Raymond loved to reminisce in the garden with his wife, especially on beautiful summer days like this. It was their thing. They always took their tea together, at the bottom of the garden where the hedge shaded them from their neighbours, near Raymond’s crimson azaleas, until they fell or his lacecap hydrangeas for which – they were both surprised – he’d won prizes several years ago!
‘We do have to make the most of life, though, don’t we, love.’ Raymond smiled but the air around him was warm and still, apart from a couple of sparrows squabbling in the bird bath.
‘Well, I went to the second afternoon tea party at the community centre yesterday as you know,’ Raymond told her. ‘And I took my suggestions, as Simon recommended I should. It’s so nice to have your say and be heard, sometimes, isn’t it, dear? Did I enjoy it, you ask. Well …’ He looked down at the grass between his toes. He liked the feel of his bare feet on the cool lawn, even though Simon had mentioned earlier that his father ought to have been wearing sandals, in case he trod on something unpleasant. ‘There was some trouble there, unfortunately. One of the ladies was very rude to a young girl who I can tell has problems of her own.’
Raymond finished his tea; his wife’s had gone cold when he picked up her mug.
‘I think I might just try it again next week, too, love. I’m starting to make some new friends there and I know you said you wanted me to do that sort of thing when you got ill. Wouldn’t have dreamt about going anywhere without you at first, though, would I? But I’m improving now because they’re an easy crowd to get on with, in general.’
He stood up with a bit of a wheeze as the deckchairs were quite low; perhaps he should buy some new ones, more upright, easier to get in and out of. But he and Dianne had had those deckchairs forever. So it was quite hard for him to think about giving them up. Just like it was hard to give up his darling wife to the dreadful accident she’d had last year.
‘We’ll leave you alone now, love; Simon’s taking me to go watch the footy again with him. That’s nice isn’t it? He looks after me now his Jo’s left him. That was a shock though, wasn’t it? Never saw that coming, did we? The girls are good about taking turns visiting them both, though. So he’s not too lonely. Truth be told, I’m still a bit lonely, love. But on the whole, life’s not too bad. Anyway, we’ll speak later.’

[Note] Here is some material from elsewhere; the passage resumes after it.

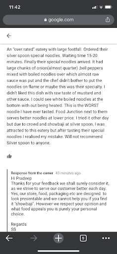Ordered their silver spoon special noodles. Waiting time 15-20 minutes. Finally their special noodles arrived. It had large chunks of onion(almost quarter) ,bell peppers mixed with boiled noodles over which almost raw sauce was put and the chef didnāt bother to put the noodles on flame or maybe this was their specialty. I didnāt liked this dish with raw taste of mustard and other sauce. I could see white boiled noodles at the bottom with out being heated.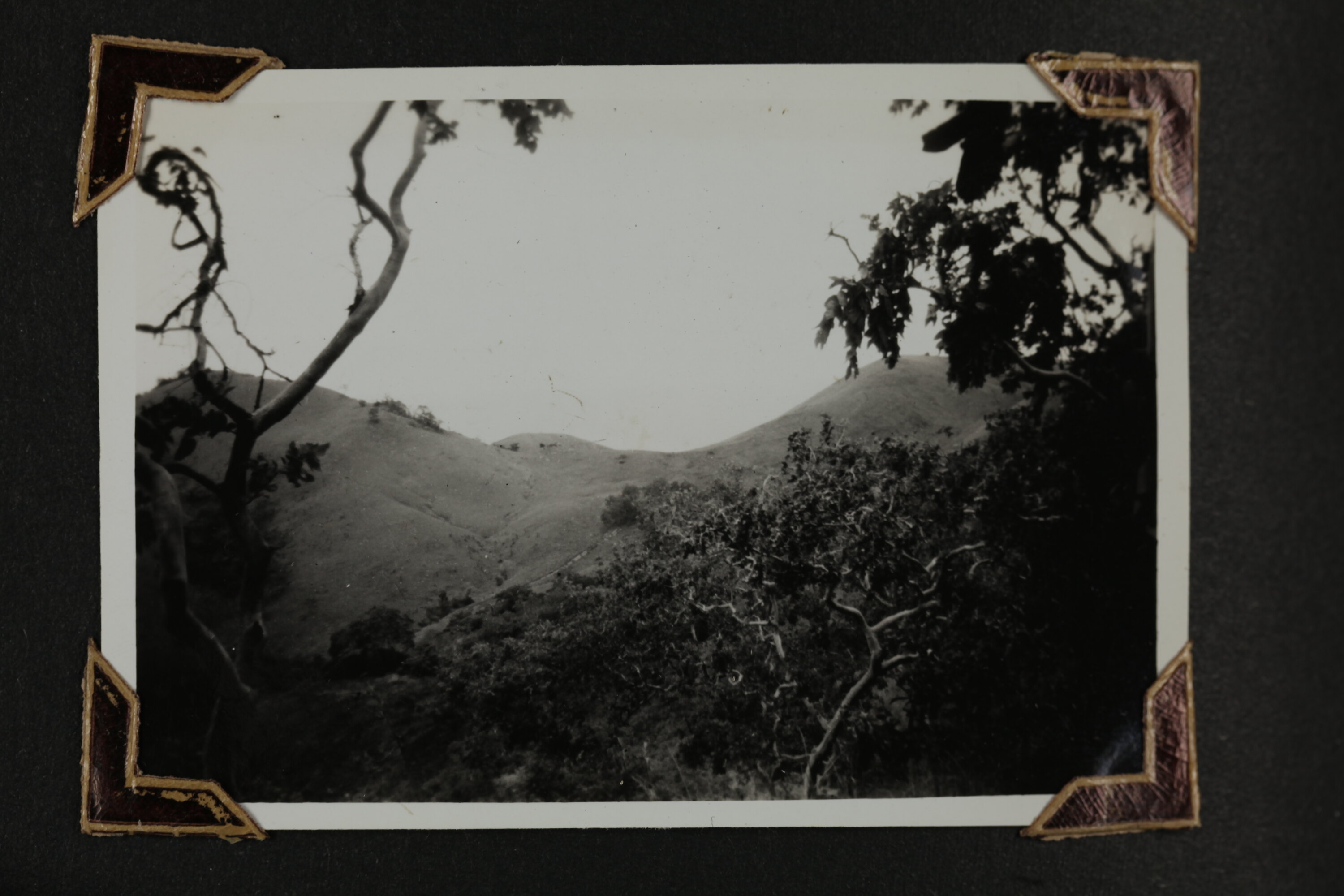 Black and white silver gelatin photograph contained in a photograph album. Photograph in mounted with brown photo corners.

He kissed the top of the urn, sitting proudly in centre stage of the bird bath, at the bottom of the garden by the hedge, shaded from their neighbours, surrounded at its base with all the pansies, peonies and marigolds that Dianne used to love and enjoy when she was alive.

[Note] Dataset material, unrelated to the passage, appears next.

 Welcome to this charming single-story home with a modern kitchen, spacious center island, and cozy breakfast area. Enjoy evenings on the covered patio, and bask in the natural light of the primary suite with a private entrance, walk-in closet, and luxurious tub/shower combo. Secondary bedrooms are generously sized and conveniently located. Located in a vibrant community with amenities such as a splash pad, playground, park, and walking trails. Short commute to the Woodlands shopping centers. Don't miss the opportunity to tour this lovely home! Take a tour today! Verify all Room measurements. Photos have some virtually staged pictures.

‘For God’s sake, Dora! You’re like a flibbertigibbet. Go find something useful to do instead of moping around like some gangly teenager. It’s a shame your father treated you like a ruddy princess when he was alive because, as I constantly need to remind you, real life comes with hairy armpits. And will you leave your ruddy face alone? It’s how God intended,’ her mother, Yvonne, bellowed.

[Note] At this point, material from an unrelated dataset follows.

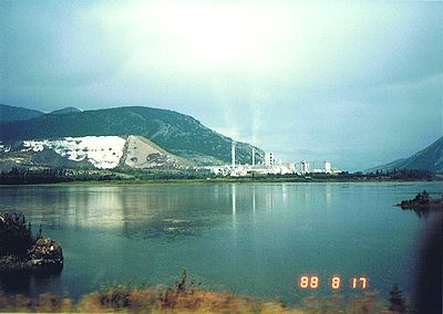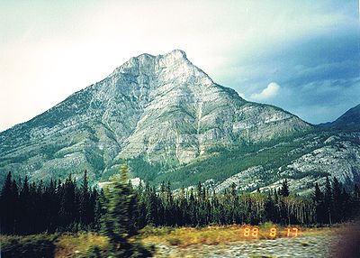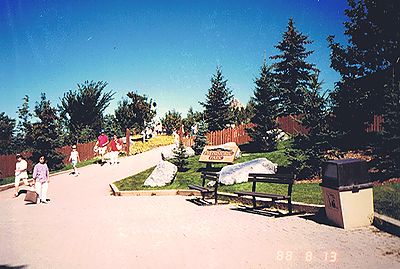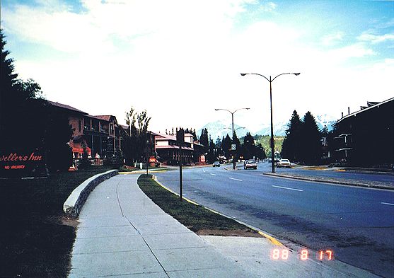 ■8/17・カスケード・ロック・ガーデン バンフ市内のボー川を越えた南にある、カスケード・ロック・ガーデン(Cascade Rock Garden)からバンフアベニュー(Banff Avenue)を見る。 正面には、カスケード山(Cascade Mauntain)2998mがそびえる。 |

At forty-nine, Dora was fed up of life.
It hadn’t turned out the way she’d hoped because she’d never really known what she’d wanted to do in life. At school, the careers advisor had tried to encourage her with things like hairdressing, floristry or nursing. But none of those professions had appealed to her. And whereas her friend Jodie always knew she wanted to be a beautician, Dora never had aspirations in any particular direction. And because she knew her father would always be there for her, picking up the tab, no matter what happened, she’d drifted through life, cherry-picking, knowing she never really needed to have any career aspirations.
‘If I choose wisely, I can always be looked after by a wealthy husband,’ was her comeback, whenever her mother had asked what she intended to do in life.